START Record extracts

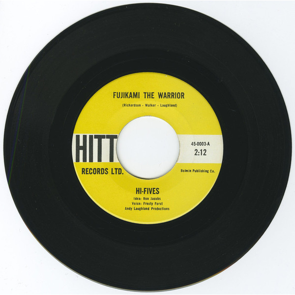 "Fujikami The Warrior" by The Hi-Fives is completely like any other record I have ever heard. It was originally a saxy instrumental until the producer, disc jockey Andy Laughland, decided that it didn't sound commercial enough. The title was changed, and a new Ghengis Khan type character was born. Instead of the sax as lead instrument, we now got fellow disc jockey Frosty Forst's maniacal pseudo-oriental Samuri voice intermittently squeezing out such droplets of information as - "Fujikami the warrior has the world's greatest fan club. I am President, Vice President, and Secretary-Treasurer!"
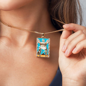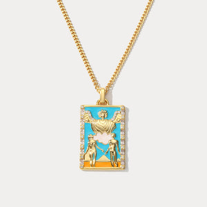 Accentuate any look with this elegant Tarot Card Necklace. Expertly crafted from durable brass, this captivating piece of astrology jewelry is the perfect gift for any occasion. Showcase your sophistication with this timeless and tasteful charm necklace.
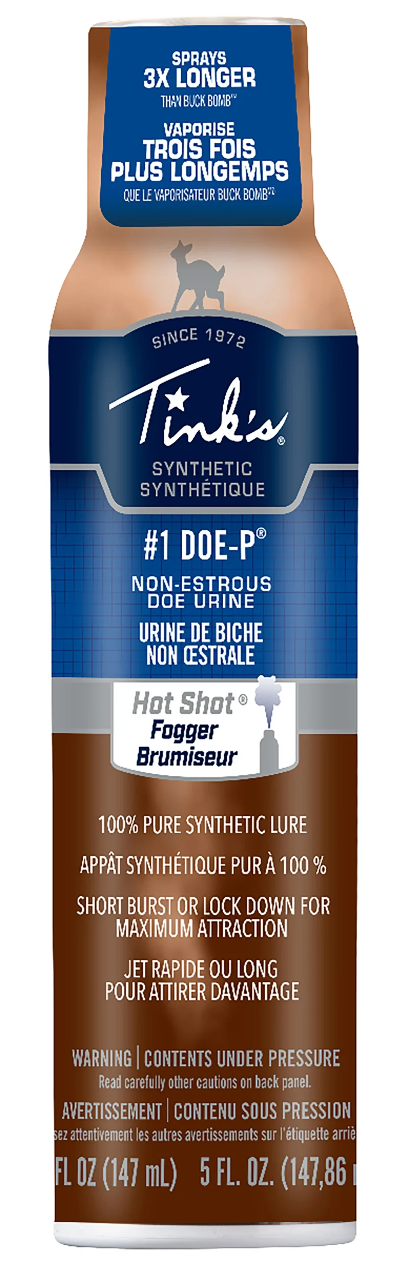 Tink’s #1 Doe-P Fogger is designed to dispense 100% pure synthetic lure without any contamination. Not mixed with any propellants, the fogger offers an adjustable spray-rate so you control the attraction. Tink’s #1 Doe-P Synthetic Formula is most effective during the early, pre-rut and rut as a doe simulant but can be used all-season long. It also works great as a universal cover scent.
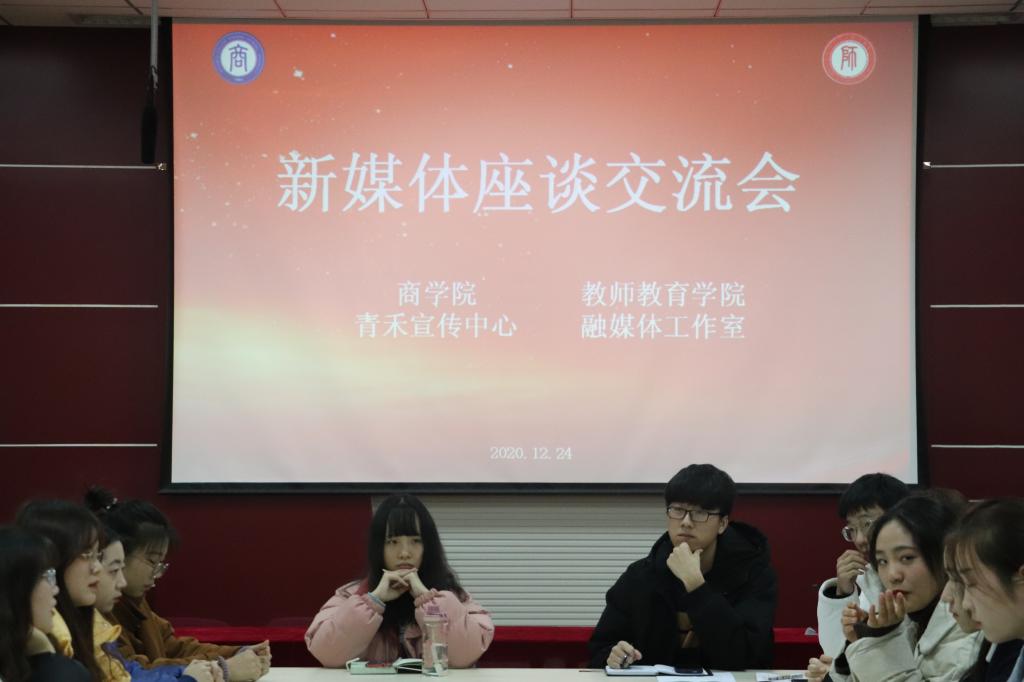 12月24日晚,伟的国际1946bv官网融媒体工作室与商公司青禾宣传中心于经管楼310教室顺利召开了座谈交流会。商公司与伟的国际1946bv官网新媒体工作负责人张一帆、陈耀隆,19级各部门部长、副部长,20级部分部员共同参加此次交流会。会议由陈耀隆主持。
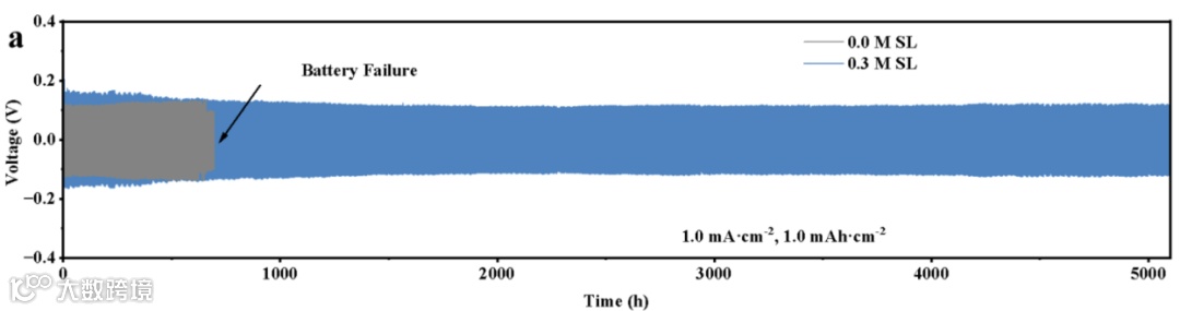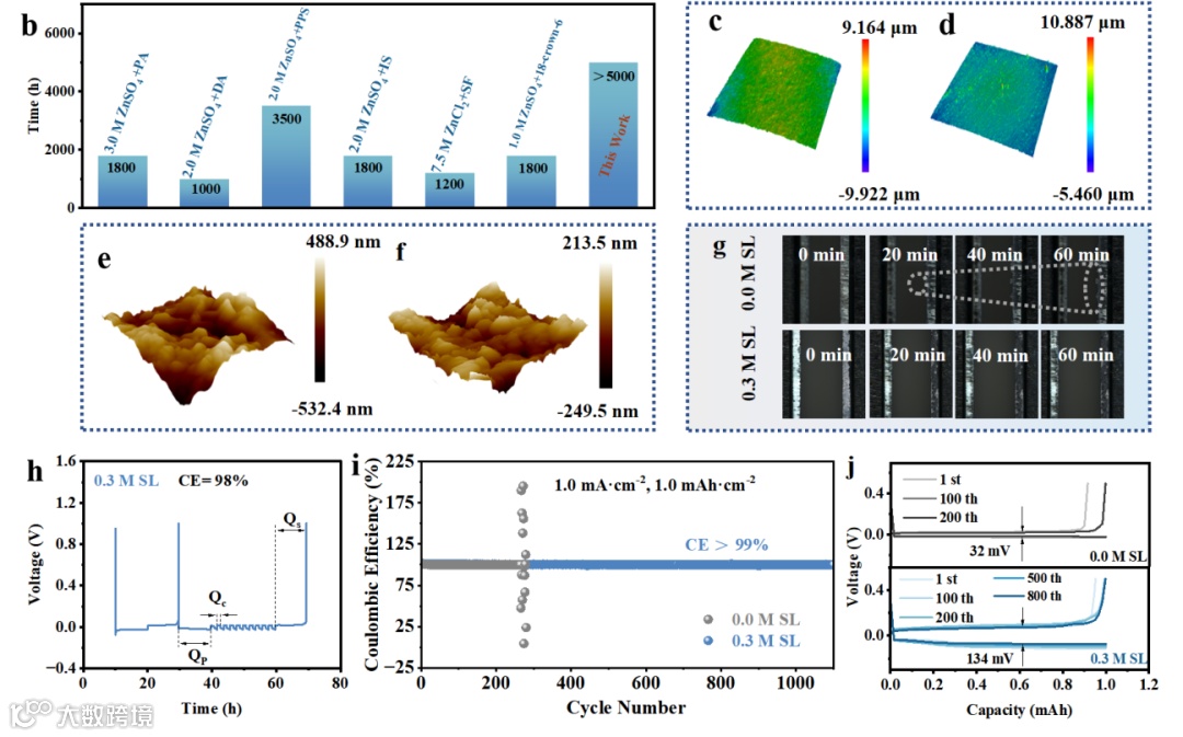 BHNs结构通过独特的“溶剂化脱水-界面隔离-晶面取向控制”级联机制实现多重优化:SL的疏水环向外形成物理屏障,将电极接触角从107.5°降至93.6°,增强润湿性;亲水–SO₂–基定向吸附界面,使双电层电容从5.9 μF·cm⁻²降至1.2 μF·cm⁻²,有效均匀化离子通量。该系统同步抑制了Zn₄SO₄(OH)₆·xH₂O等副产物生成,使锌沉积高度差降低57%,实现平整无枝晶沉积形貌。电化学性能方面,Zn||Cu半电池在1000次循环中保持99%的高库仑效率,极化电压从134 mV显著降低至32 mV,证实其卓越的界面稳定性与沉积可逆性。

END Record extracts

**Exercise objective:**
All records must be output exactly as they are, except for the pictures, which are left out.

**Response:**
 "Fujikami The Warrior" by The Hi-Fives is completely like any other record I have ever heard. It was originally a saxy instrumental until the producer, disc jockey Andy Laughland, decided that it didn't sound commercial enough. The title was changed, and a new Ghengis Khan type character was born. Instead of the sax as lead instrument, we now got fellow disc jockey Frosty Forst's maniacal pseudo-oriental Samuri voice intermittently squeezing out such droplets of information as - "Fujikami the warrior has the world's greatest fan club. I am President, Vice President, and Secretary-Treasurer!"
 Accentuate any look with this elegant Tarot Card Necklace. Expertly crafted from durable brass, this captivating piece of astrology jewelry is the perfect gift for any occasion. Showcase your sophistication with this timeless and tasteful charm necklace.
 Tink’s #1 Doe-P Fogger is designed to dispense 100% pure synthetic lure without any contamination. Not mixed with any propellants, the fogger offers an adjustable spray-rate so you control the attraction. Tink’s #1 Doe-P Synthetic Formula is most effective during the early, pre-rut and rut as a doe simulant but can be used all-season long. It also works great as a universal cover scent.
 12月24日晚,伟的国际1946bv官网融媒体工作室与商公司青禾宣传中心于经管楼310教室顺利召开了座谈交流会。商公司与伟的国际1946bv官网新媒体工作负责人张一帆、陈耀隆,19级各部门部长、副部长,20级部分部员共同参加此次交流会。会议由陈耀隆主持。
 BHNs结构通过独特的“溶剂化脱水-界面隔离-晶面取向控制”级联机制实现多重优化:SL的疏水环向外形成物理屏障,将电极接触角从107.5°降至93.6°,增强润湿性;亲水–SO₂–基定向吸附界面,使双电层电容从5.9 μF·cm⁻²降至1.2 μF·cm⁻²,有效均匀化离子通量。该系统同步抑制了Zn₄SO₄(OH)₆·xH₂O等副产物生成,使锌沉积高度差降低57%,实现平整无枝晶沉积形貌。电化学性能方面,Zn||Cu半电池在1000次循环中保持99%的高库仑效率,极化电压从134 mV显著降低至32 mV,证实其卓越的界面稳定性与沉积可逆性。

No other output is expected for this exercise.